Materials provided:
+ + + + +

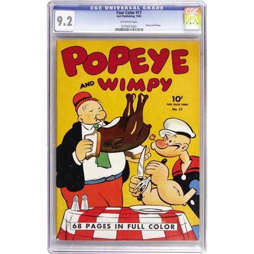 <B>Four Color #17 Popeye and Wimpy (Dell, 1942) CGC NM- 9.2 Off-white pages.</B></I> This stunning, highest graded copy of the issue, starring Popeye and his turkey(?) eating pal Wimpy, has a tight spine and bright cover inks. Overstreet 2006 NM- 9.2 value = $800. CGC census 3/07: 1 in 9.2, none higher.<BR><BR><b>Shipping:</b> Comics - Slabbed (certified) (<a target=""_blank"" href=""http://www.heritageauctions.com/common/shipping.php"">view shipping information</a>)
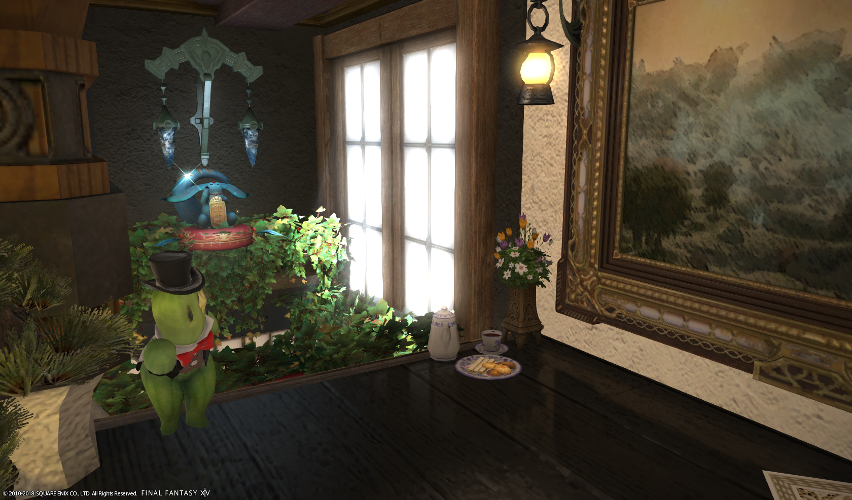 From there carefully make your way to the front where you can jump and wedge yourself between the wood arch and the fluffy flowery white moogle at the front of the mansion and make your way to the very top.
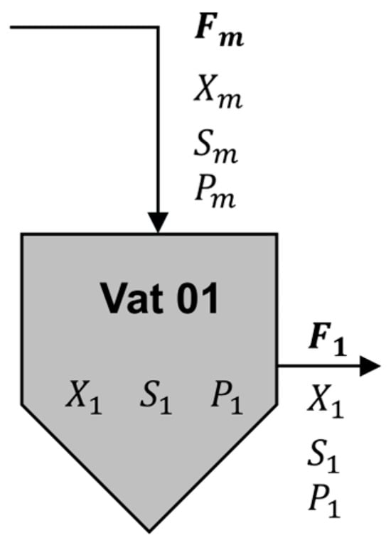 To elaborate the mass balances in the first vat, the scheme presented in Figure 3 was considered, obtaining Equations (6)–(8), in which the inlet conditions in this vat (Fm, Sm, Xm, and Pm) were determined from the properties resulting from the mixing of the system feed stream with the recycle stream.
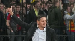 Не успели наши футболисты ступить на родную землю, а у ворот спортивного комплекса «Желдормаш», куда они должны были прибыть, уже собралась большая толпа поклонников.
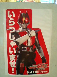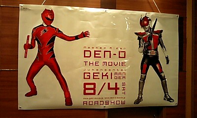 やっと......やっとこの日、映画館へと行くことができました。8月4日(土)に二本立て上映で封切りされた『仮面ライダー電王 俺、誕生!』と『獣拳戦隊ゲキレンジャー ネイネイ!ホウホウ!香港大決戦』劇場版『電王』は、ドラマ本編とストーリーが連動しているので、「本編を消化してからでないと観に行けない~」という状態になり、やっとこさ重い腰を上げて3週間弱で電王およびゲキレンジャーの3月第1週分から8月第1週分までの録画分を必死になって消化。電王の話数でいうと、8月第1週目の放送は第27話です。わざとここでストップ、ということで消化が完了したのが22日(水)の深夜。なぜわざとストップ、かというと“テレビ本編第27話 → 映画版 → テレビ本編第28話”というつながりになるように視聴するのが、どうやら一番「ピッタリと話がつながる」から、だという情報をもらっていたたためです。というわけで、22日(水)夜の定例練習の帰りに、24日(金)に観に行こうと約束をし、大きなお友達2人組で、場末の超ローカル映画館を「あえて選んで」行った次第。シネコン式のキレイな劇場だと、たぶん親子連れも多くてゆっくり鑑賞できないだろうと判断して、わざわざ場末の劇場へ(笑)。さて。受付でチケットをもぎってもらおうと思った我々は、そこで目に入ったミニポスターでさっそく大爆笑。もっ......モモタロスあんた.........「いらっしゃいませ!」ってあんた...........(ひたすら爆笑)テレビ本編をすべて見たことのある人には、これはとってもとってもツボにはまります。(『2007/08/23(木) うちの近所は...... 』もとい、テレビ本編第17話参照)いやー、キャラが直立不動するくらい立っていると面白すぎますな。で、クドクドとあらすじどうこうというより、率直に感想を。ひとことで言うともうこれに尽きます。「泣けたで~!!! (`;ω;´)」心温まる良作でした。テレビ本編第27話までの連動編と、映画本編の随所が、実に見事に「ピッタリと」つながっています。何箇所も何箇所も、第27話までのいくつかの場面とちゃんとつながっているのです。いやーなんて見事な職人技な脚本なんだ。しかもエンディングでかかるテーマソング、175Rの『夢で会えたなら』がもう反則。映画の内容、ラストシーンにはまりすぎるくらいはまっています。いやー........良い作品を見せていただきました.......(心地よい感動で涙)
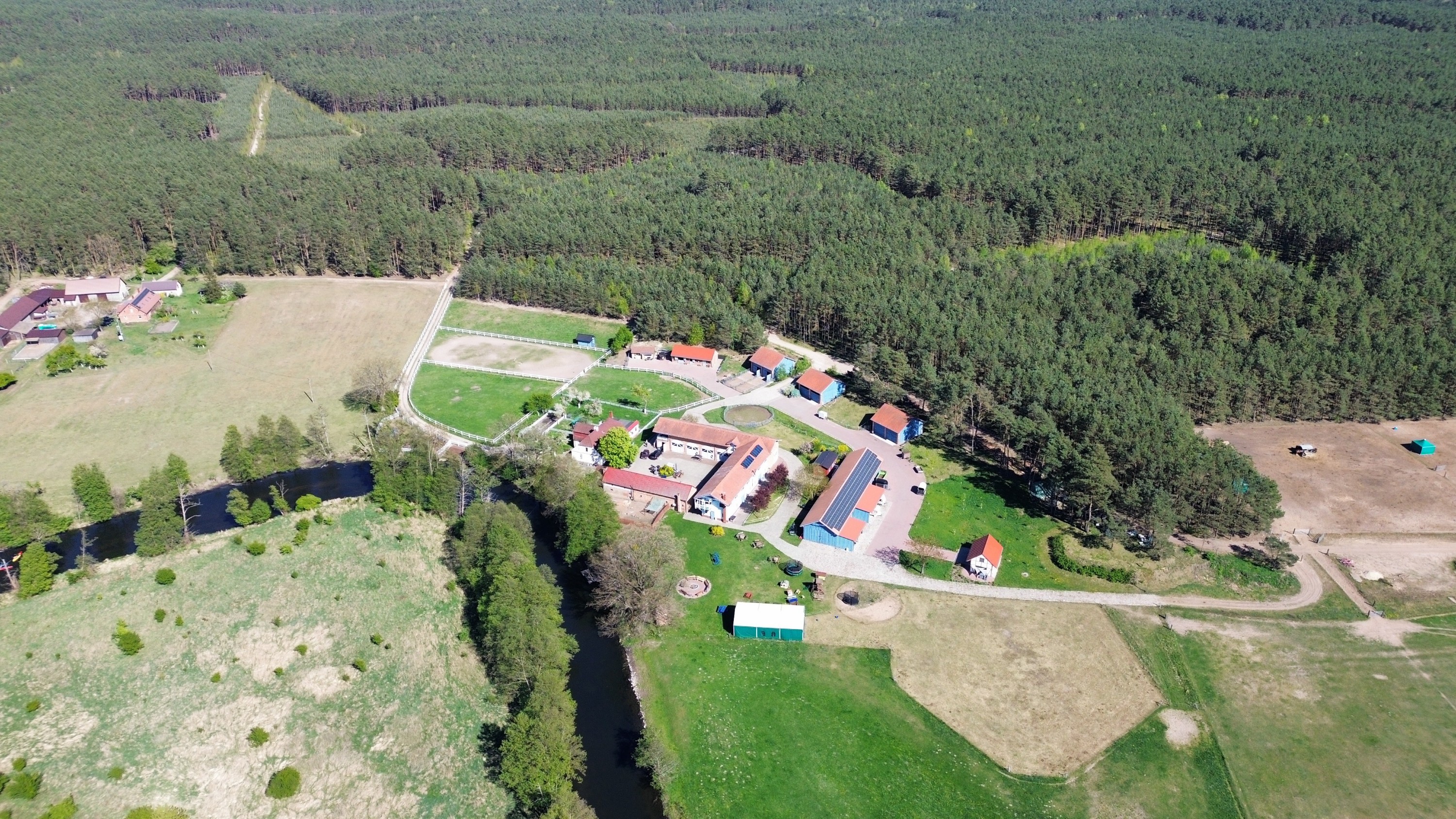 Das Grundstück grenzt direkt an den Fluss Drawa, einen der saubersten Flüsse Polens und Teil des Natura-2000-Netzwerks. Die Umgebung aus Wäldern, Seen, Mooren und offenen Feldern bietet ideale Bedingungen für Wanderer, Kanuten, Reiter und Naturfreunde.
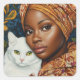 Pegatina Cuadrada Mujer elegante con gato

+ + + + +

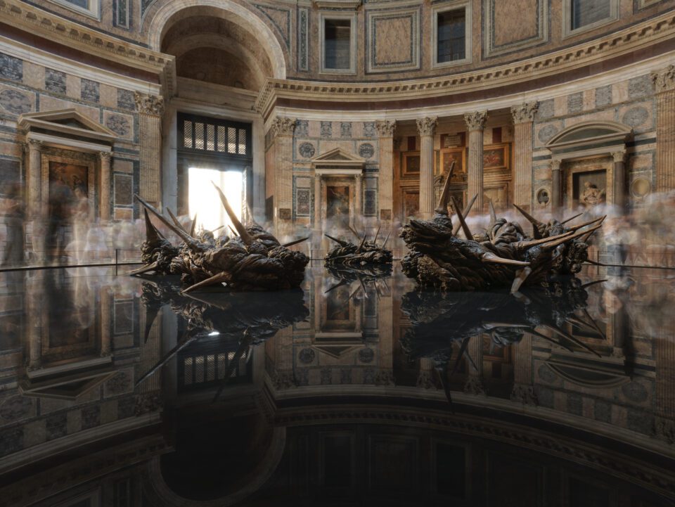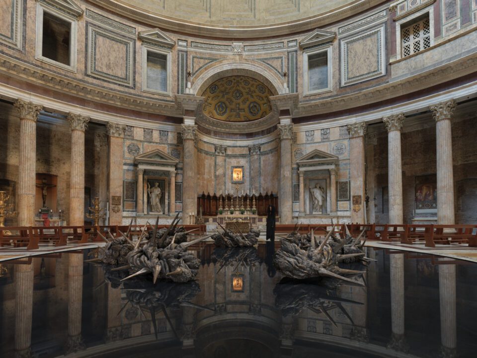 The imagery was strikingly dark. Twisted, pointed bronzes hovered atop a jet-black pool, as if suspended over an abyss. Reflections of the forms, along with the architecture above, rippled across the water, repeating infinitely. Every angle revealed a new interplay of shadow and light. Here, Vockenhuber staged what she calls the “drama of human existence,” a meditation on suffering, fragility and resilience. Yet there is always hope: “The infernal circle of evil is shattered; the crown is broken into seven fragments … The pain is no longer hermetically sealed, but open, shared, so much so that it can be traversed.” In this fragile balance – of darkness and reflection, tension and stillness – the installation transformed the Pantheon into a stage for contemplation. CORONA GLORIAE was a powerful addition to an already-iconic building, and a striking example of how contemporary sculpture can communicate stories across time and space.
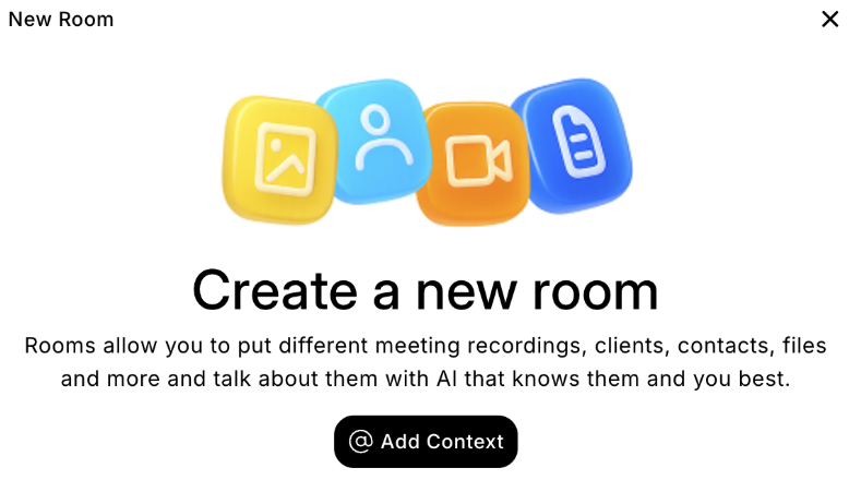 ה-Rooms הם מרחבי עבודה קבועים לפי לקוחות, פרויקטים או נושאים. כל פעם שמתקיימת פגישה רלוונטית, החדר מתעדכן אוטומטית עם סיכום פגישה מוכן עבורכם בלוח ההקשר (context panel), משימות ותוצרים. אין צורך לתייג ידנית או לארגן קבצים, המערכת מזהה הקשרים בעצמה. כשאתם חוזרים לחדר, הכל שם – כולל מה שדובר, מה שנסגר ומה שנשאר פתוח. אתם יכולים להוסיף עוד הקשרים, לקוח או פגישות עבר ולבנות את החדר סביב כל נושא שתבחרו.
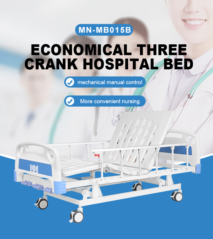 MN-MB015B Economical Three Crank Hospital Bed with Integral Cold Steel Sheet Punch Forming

+ + + + +

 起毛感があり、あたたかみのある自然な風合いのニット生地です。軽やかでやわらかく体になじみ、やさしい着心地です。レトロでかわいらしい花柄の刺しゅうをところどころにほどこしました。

+ + + + +

Work item: Each line above from the one containing "Das Grundstück grenzt" through the one containing "Pegatina Cuadrada Mujer elegante con gato" is to be returned verbatim. Nothing else, and no pictures.

Response area:
 Das Grundstück grenzt direkt an den Fluss Drawa, einen der saubersten Flüsse Polens und Teil des Natura-2000-Netzwerks. Die Umgebung aus Wäldern, Seen, Mooren und offenen Feldern bietet ideale Bedingungen für Wanderer, Kanuten, Reiter und Naturfreunde.
 Pegatina Cuadrada Mujer elegante con gato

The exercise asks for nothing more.